Data records
++++++++++

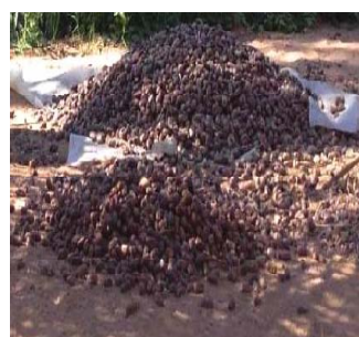
Fig. 1 Vegetable material

The substrate used for the production of alcohol is formed of the waste of dates on certain varieties of common dates.
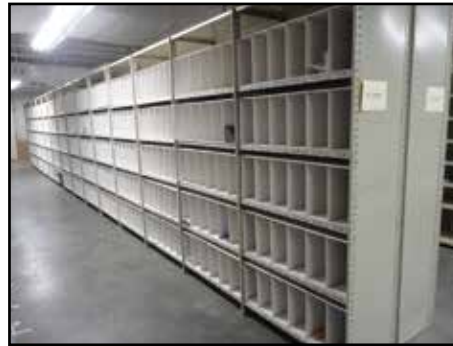
(1,500+/-) Sections HALLOWELL Clip Style Steel Shelving
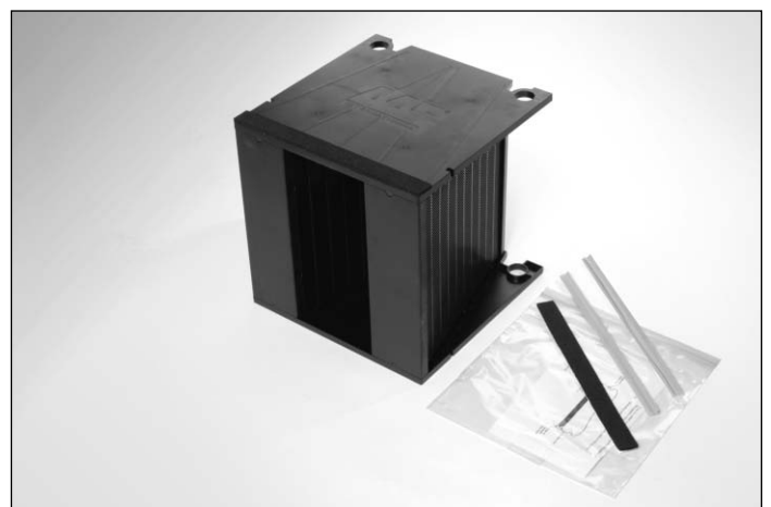
Step 3: Firmly press the gasket into position so that it adheres to the side plate.
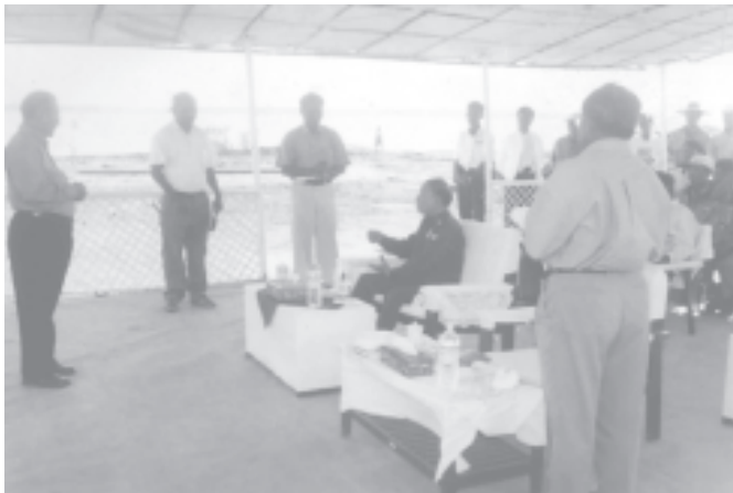
Minister Brig-Gen Lun Thi hears reports by Deputy Minister U Pe Than and officials. — ENERGY

YANGON, 16 Nov — Minister for Energy Brig-Gen Lun Thi yesterday oversaw the completion of the laying of 10-inch gas pipeline linking Pyay and Seiktha Village in Bago Division (West) at the work site in Seiktha Village in Shwedaung Township.
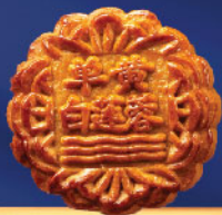
White Lotus with Single Yolk Mooncake (reduced sugar) 减糖白莲蓉传统单黄月饼
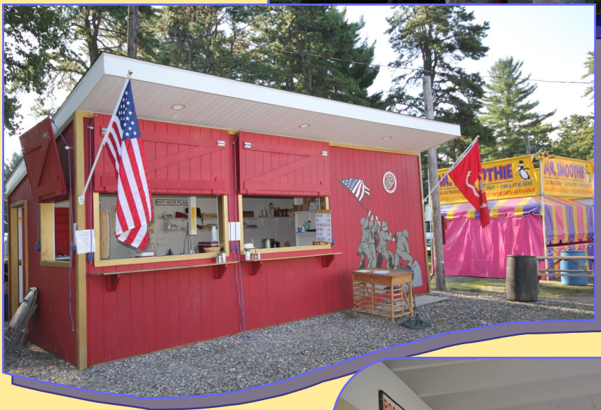
The calm before the storm

Preparing the baked potatoes is Auxiliary member Betty Boisseau, aka Sis. We ran out and sold over 400 baked potatoes for the weekend.
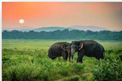
Yala National park safari - $145
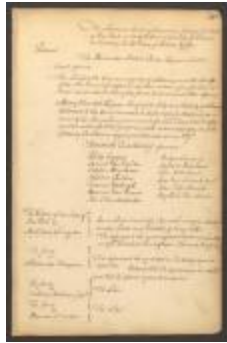
Minutes of the Supreme Court of Judicature of the State of New York, October 1778 (NYSA_JN531-17_V14_06_p123-149)
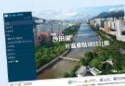
沙田區社區重點項目計劃專題網頁 Dedicated Website of the Signature Project Scheme in Sha Tin

The Sha Tin District Council has finalised the scope of the two projects under the Signature Project Scheme after going through stages of discussion, option selection and focus setting, with the Hong Kong Institution of Engineers, the Hong Kong Institute of Architects and the Chinese University of Hong Kong being appointed as honorary consultants. The public engagement exercise was held in two stages. The Sha Tin District Council produced various kinds of publicity materials and conducted questionnaire surveys, with a view to further enhancing public understanding of the projects and collecting public views on the design.
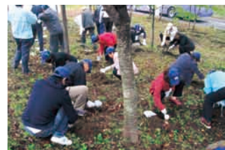
The National Tree-Care Festival
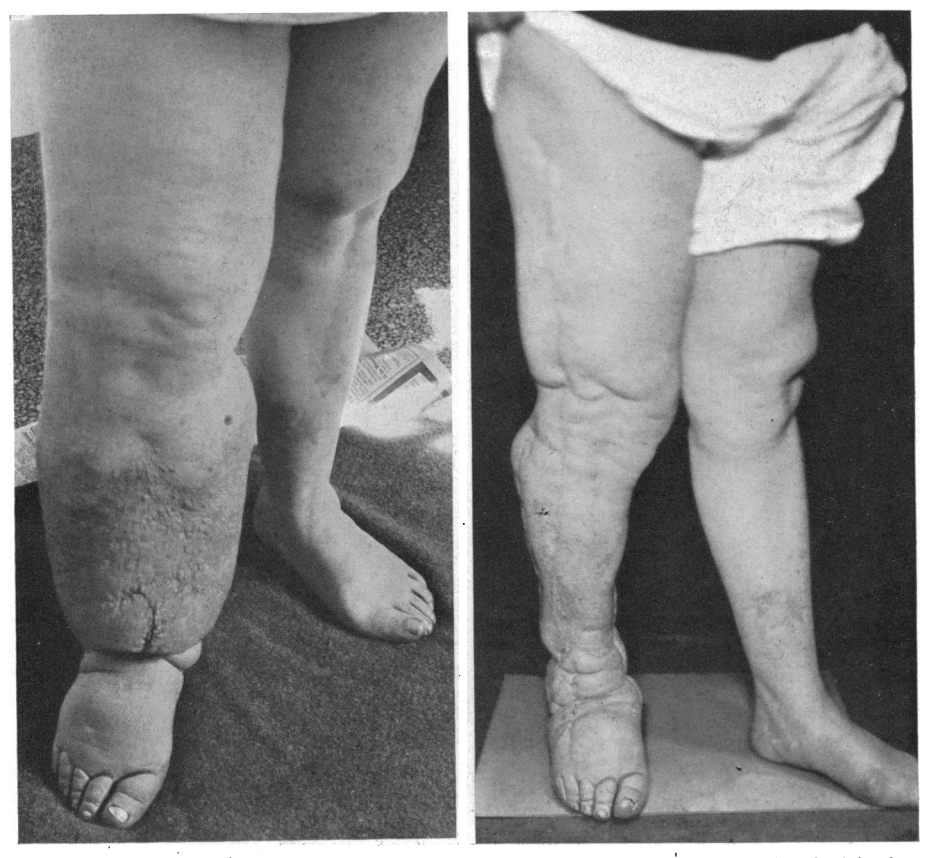
FIG. I.—(Case I.) Elephantiasis of right leg. FIG. 2.—(Case I.) Elephantiasis of right leg one and a half years after operation.

gradually worse and in December, 1929, it attained its present proportions. (Fig. 1.) The patient was at that time unable to walk or even to perform her household duties on account of the size of the leg. It began to ulcerate and discharge as much as a quart daily of clear white lymph. The patient has never been farther south than Washington. She states that three months prior to her initial swelling she fell and injured her spine. At the time of her examination by us there was, however, no evidence of injury. Her previous medical history was negative. No elephantiasis in family, apparently only one abortive attack of erysipelas. Mother of four children. Physical examination entirely negative except for her right leg. The lower leg is most markedly elephantoid. The
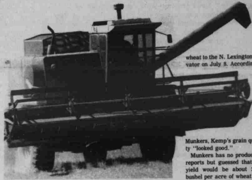
Stan Kemp heads for the next strip of wheat.
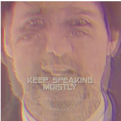
Figure 8: Cherry Tateland, “Keep Speaking Moistly” 112

Video link: https://doi.org/10.3998/mp.4571
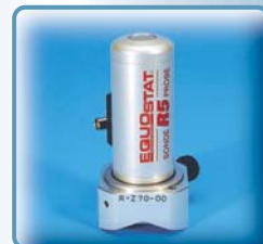
Special foot R-Z 70-00 Art.No. 350 00 211

PROCEQ SA Riesbachstrasse 57 CH-8034 Zürich Switzerland
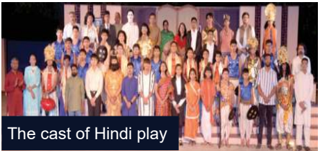
The cast of Hindi play

अतीत और वर्तमान के दृश्यों के बीच संक्रमण अत्यंत सहज था। साथ ही, प्रॉप्स, वेशभूषा और पृष्ठभूमि संगीत के प्रभावी उपयोग ने कहानी को और अधिक प्रभावशाली और भावनात्मक बना दिया।
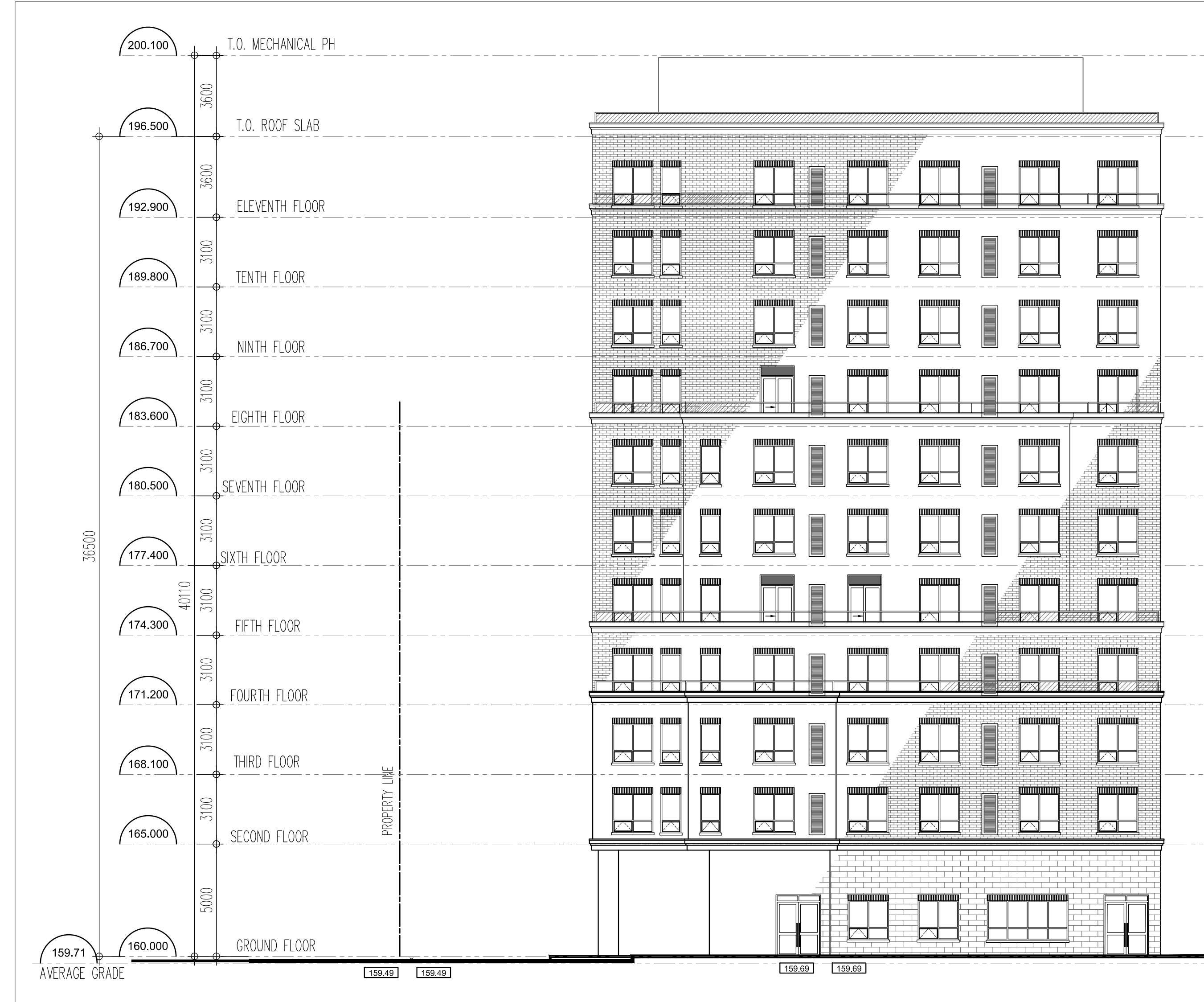
FRONT/EAST ELEVATION 2 1:150 SCALE A400
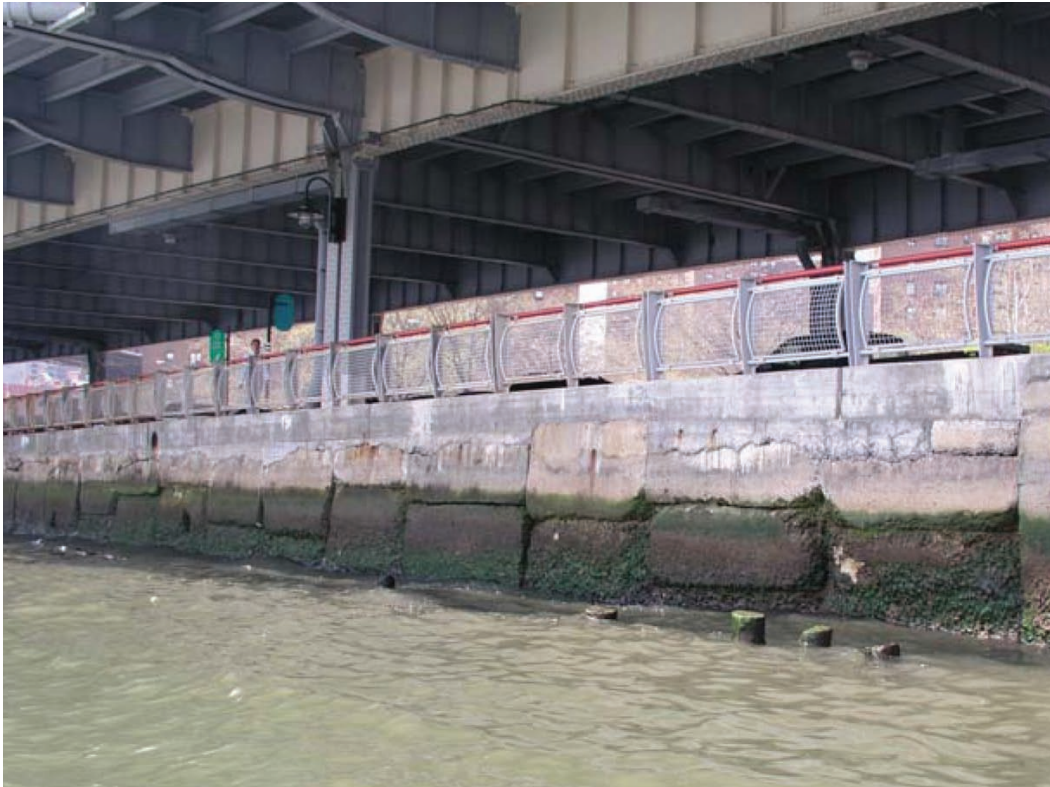
East River bulkhead with heavy spalling at joints.

Many of these structures include timber elements, which are susceptible to marine borer activity. Since the United States Clean Water Act was passed in 1972 the rate of deterioration due to marine borers has dramatically increased. While previous rehabilitation efforts involving wrapping timber piles with Polyvinyl Chloride (PVC) have proven ineffective, even the more effective concrete encasement solution requires rehabilitation over time. As with any aging infrastructure in the water, whether it is constructed with timber, concrete or steel, the structures will have to be rehabilitated or replaced, and historically this work is very expensive.

++++++++++

» **Problem details**
Return a copy of each line in the entries that carries the string "National".

» **Result of the exercise**
Yala National park safari - $145
The National Tree-Care Festival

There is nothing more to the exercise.